А дальше произошло нечто весьма любопытное. Вот что рассказывает современник:
«Это оскорбление французского флота, это нарушение международного права не могло остаться не отомщённым. Между тем князь Полиньяк [французский премьер] напал на несчастную мысль доставить удовлетворение французской чести оружием Мегмета-Али, вице-короля египетского. Французское правительство предложило Мегмету-Али овладеть Алжиром и обещало потом признать его законным владетелем. Вице-король был очень склонен принять это предложение.
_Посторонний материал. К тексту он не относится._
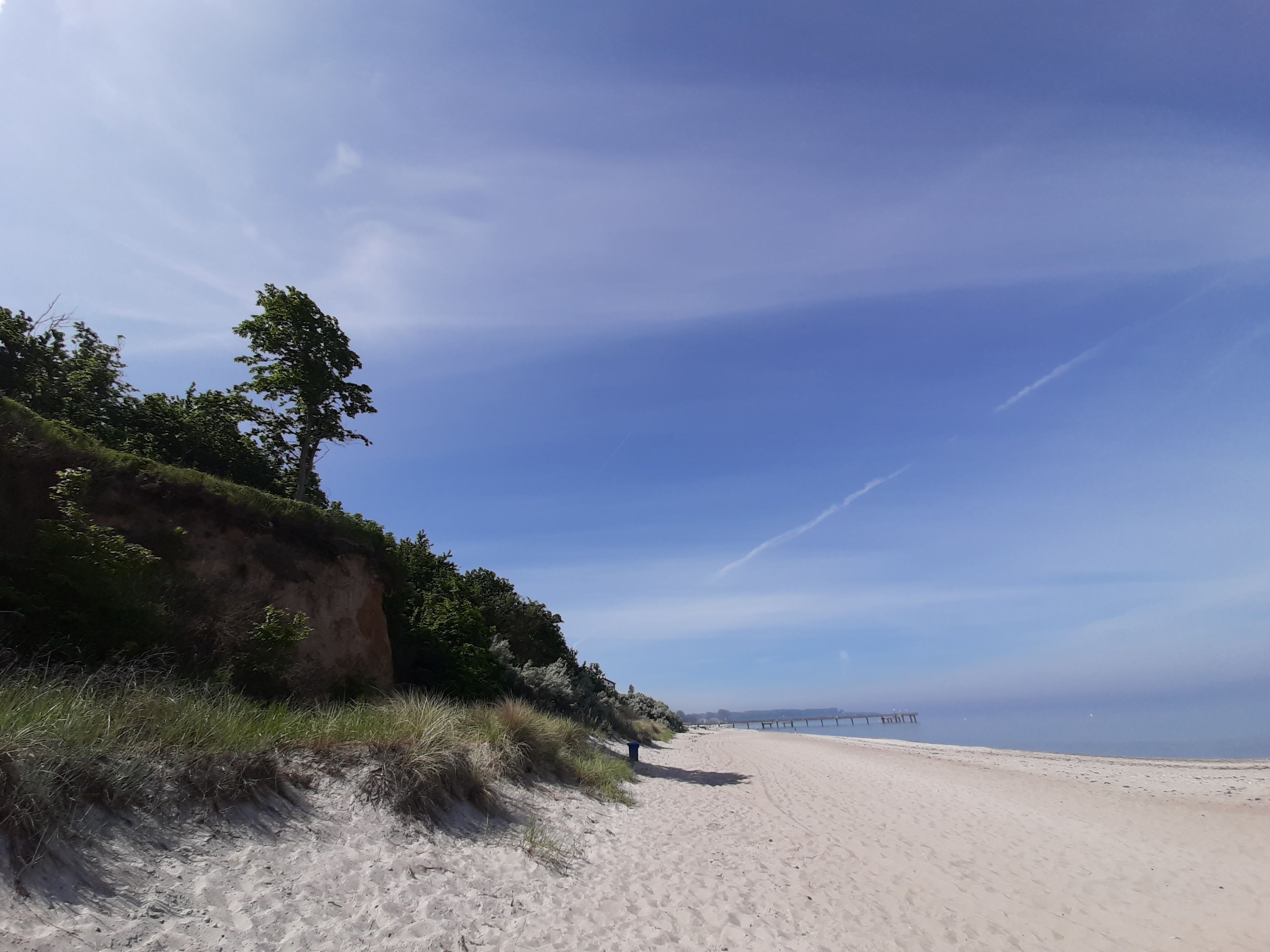 In 150 m Entfernung liegt der gepflegte Ostseestrand mit Strandkörben und einer Seebrücke.
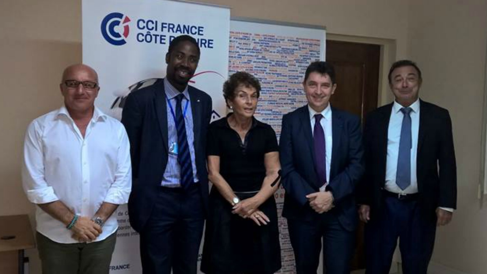 Photo : Jean-Louis Giacometti (DG de la CCI), Teyi Lawson (Axa Côte d’ivoire), Martine Ducoulombier, Olivier Cadic, Jean-Louis Legras (président de la CCI).
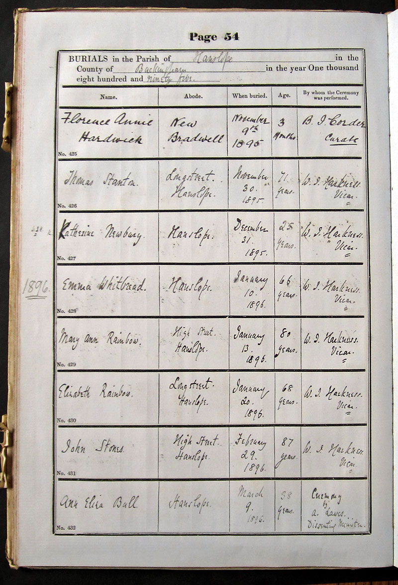 Below is a transcription and image of page 54 of the Burial register for 1878-1963 of St. James The Great, Hanslope |
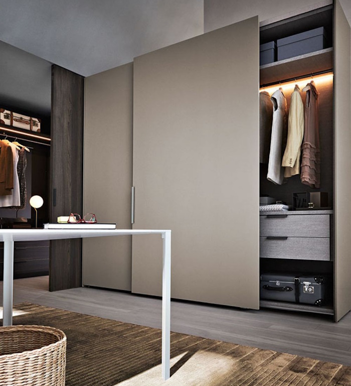 - Раздвижные двери: Экономия пространства и современный вид, например, шкафы-купе WARM от Lema.
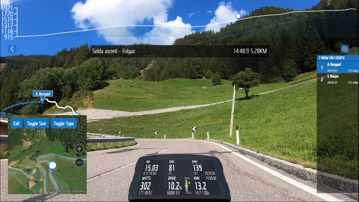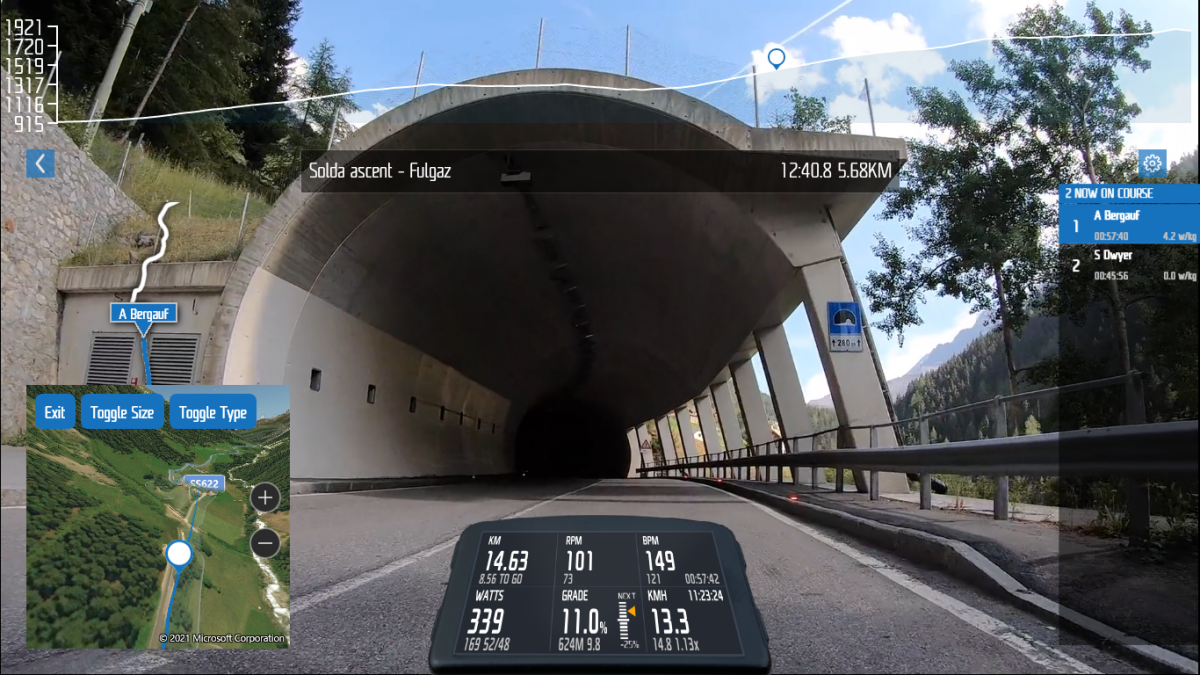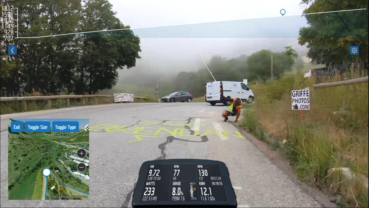 Fazit: Kurze 14 % Steigung bei Zwift bringend zwar den Wahoo Headwind auf Touren, sind aber relativ unaufregend. Rouvy ist in der Standardeinstellung gefühlt noch leichter, das mag aber subjektiv sein. Sicher ist, dass auch Rouvy den Indoor-Athleten anschiebt. Ganz anders ist Fulgaz. Hier brennen die Oberschenken bei Steigungen und die Umgebung ist außergewöhnlich Highend.
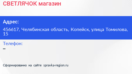 СВЕТЛЯЧОК, магазин по адресу 456617, Челябинская область, Копейск, улица Томилова, 15 в дальнейшем Организация, размещена в следующих категориях:
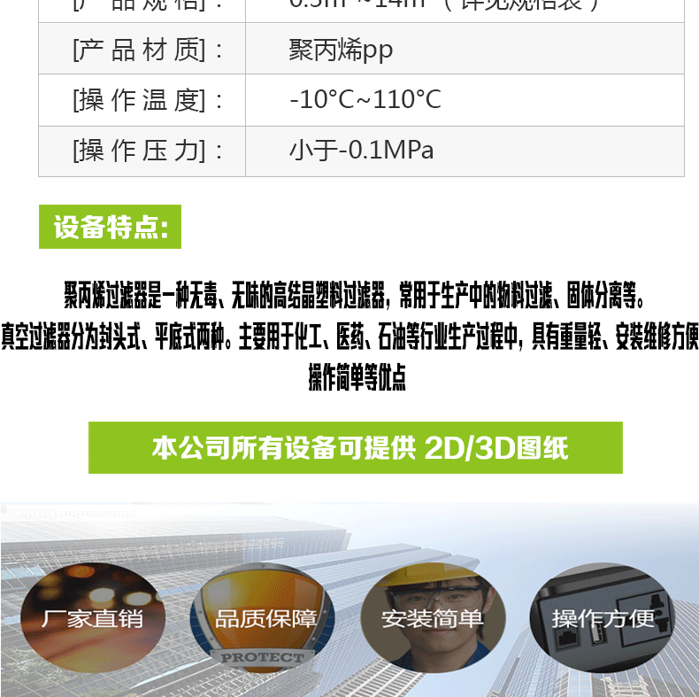 我公司生產(chǎn)的聚丙烯過濾器是一種無毒、無味的高結(jié)晶塑料過濾器,常用于生產(chǎn)中的物料過濾、固體分離等。真空過濾器分為封頭式、平底式兩種。主要用于化工、醫(yī)藥、石油等行業(yè)生產(chǎn)過程中,具有重量輕、安裝維修方便、操作簡單等優(yōu)點(diǎn)。
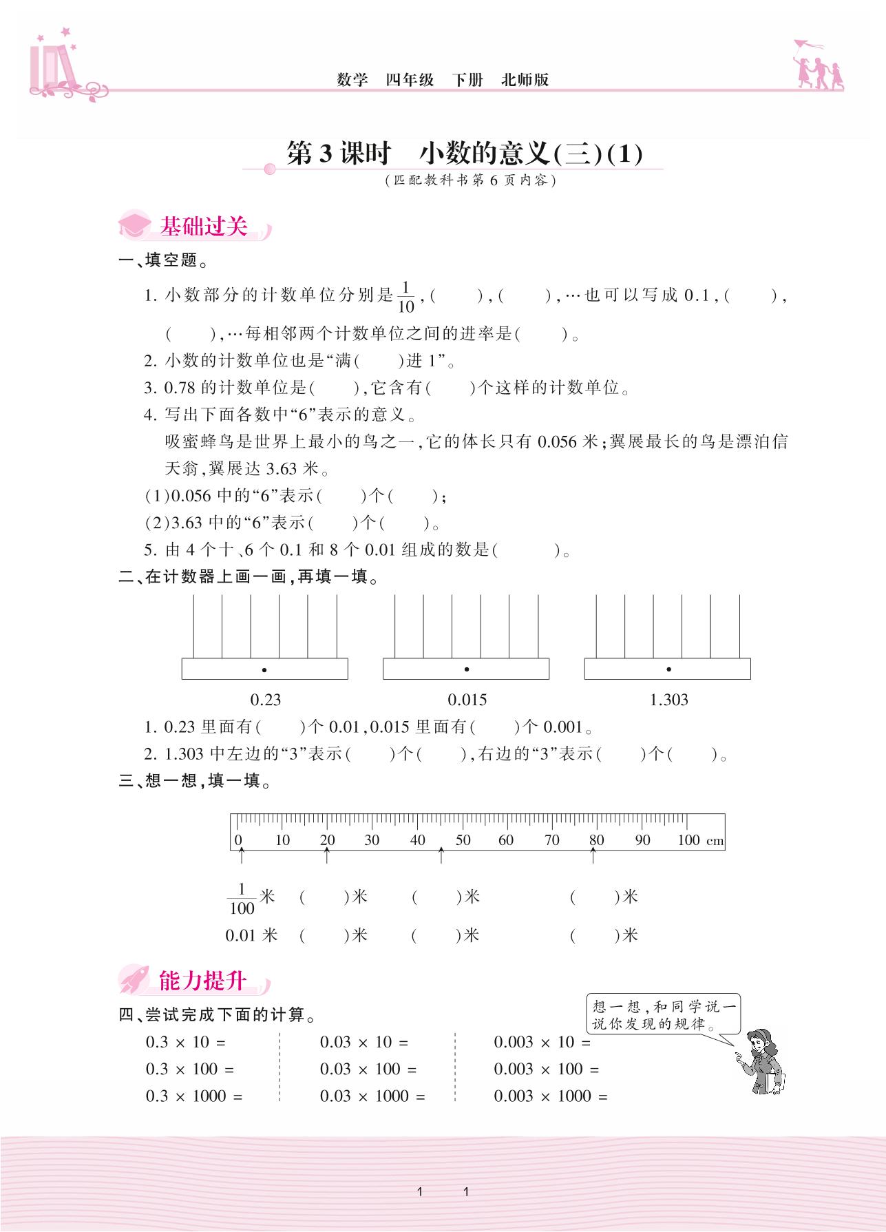 2021下册四年级数学北师版 一 小数的意义和加减法——第3课时 小数的意义(三)(1)
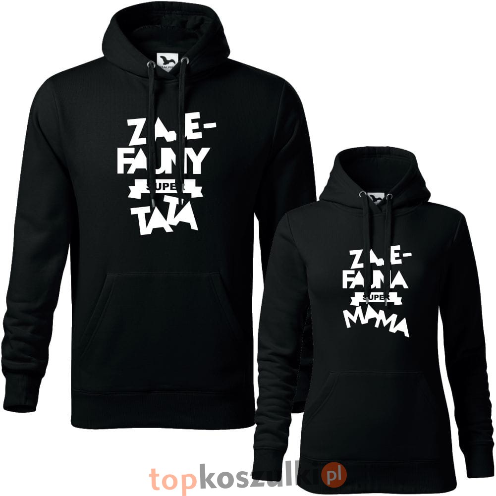 zestaw bluz z kapturem damska i męska - zajefajna super mama, zajefajny super tata
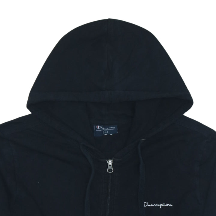 Champion 90's Full Zip Hoodie with Drawstring Pockets Black Large
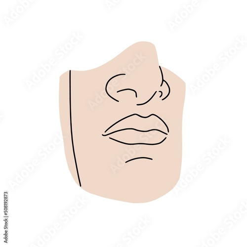 Greek face statue fragment. Ancient sculpture of human lips and nose. Stone marble part of antique Greece art drawn in modern style. Flat graphic vector illustration isolated on white background
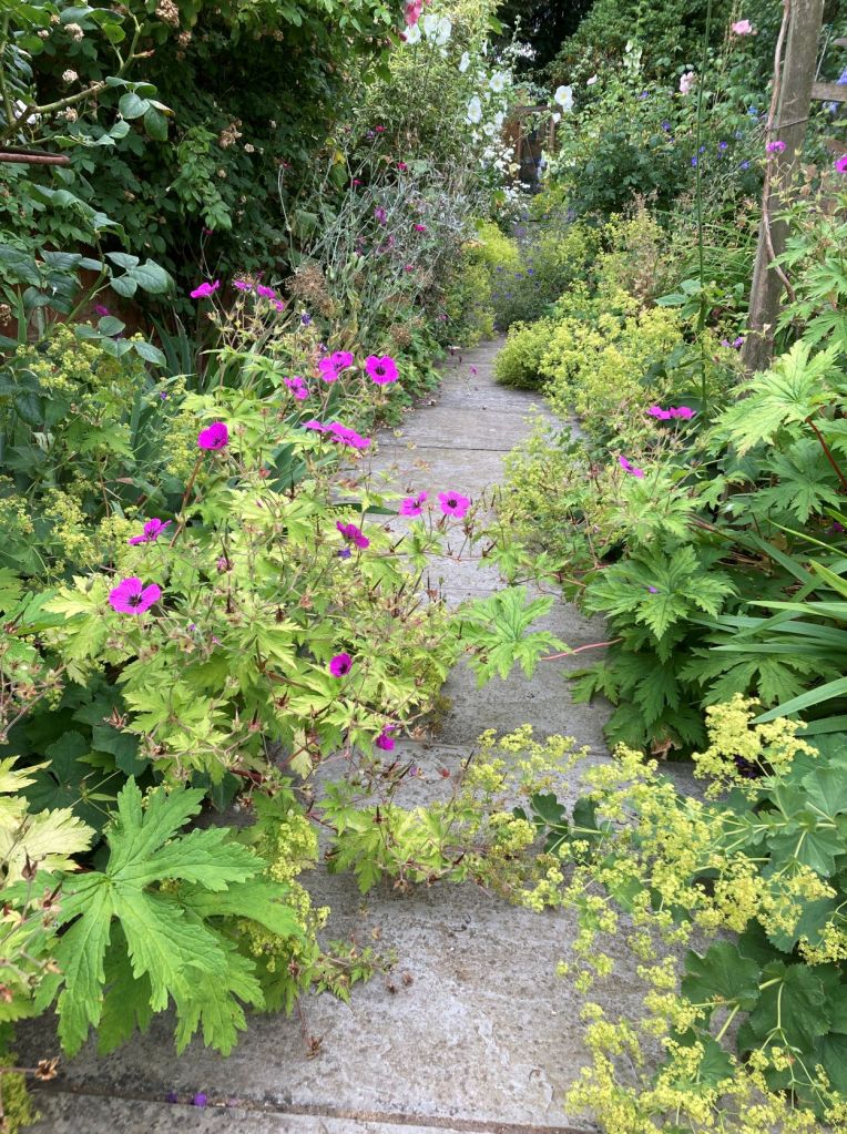 The lawn. Over at Chatsworth the drought has revealed an intricate eighteenth century garden design. Here it’s an old garden path which strangely seems to start half way down the lawn. Lawn is a grand word for this motley sward of yarrow, clover, buttercups, daisies and dandelions. I hope it will recover.

Он требовал от Франции десять миллионов субсидий, которые ему были обещаны, и уже начал свои вооружения, когда Порта узнала о его намерении и расстроила его своим решительным противоречием»34.
Проще говоря, французы попытались нанять одного турецкого губернатора, чтобы тот в их интересах развязал войну против другого турецкого губернатора. Причём эта сделка, заключённая по обоюдному согласию сторон, в последний момент была сорвана из-за вмешательства третьей стороны.
При этом очевидно, что третьей стороной никак не мог быть упомянутый турецкий султан: во-первых, для Парижа турецкий султан не указ, а скорее наоборот; во-вторых, для египетского наместника турецкий султан тоже был не указ, так как вскоре наместник пойдёт смещать султана с престола. Поэтому мы склонны считать более близкими к истине слова британского консула в египетской Александрии, прозвучавшие в разговоре с российским посланником:
«Когда французы собирались в Алжир, то они предлагали собственно паше [Мехмету Али] предпринять эту экспедицию и покорить Алжир, обещаясь дать ему десять линейных кораблей; после же предложили ему только сумму, равнявшуюся оценке десяти кораблей. Паша отозвался тогда, что он, без согласия Англии, не примет участия в этой войне»35.
Итак, британцы запретили Мехмету Али совершить поход на Алжир, и поэтому низвергать алжирского дея и заменять его французским губернатором пришлось французам самостоятельно – что, как уже было упомянуто, не помогло королю Франции удержаться на собственном троне.
Следует иметь в виду, что вся известная история Мехмета Али изобилует ситуациями, в которых он поочерёдно выступает то на стороне французов против англичан, то на стороне англичан против французов, то вообще против французов и англичан вместе взятых. При этом костяк армии Мехмета Али составляли французские и британские офицеры36, вооружалась и снабжалась эта армия также французами и британцами, а при возникновении какого-либо внешнего конфликта покровителями Мехмета Али неизменно выступали правительства Франции и Британии37.
На самом деле в этом нет противоречия: Мехмет Али являлся непосредственным инструментом той же силы, инструментами которой были правительства Франции и Британии. Поэтому, образно говоря, если эти инструменты иногда сцепливались и мешали друг другу, то, как бы это ни выглядело, на самом деле ничего страшного не происходило – все инструменты оставались в одних руках. Главное, чтобы они ни в коем случае не пытались навредить самому хозяину.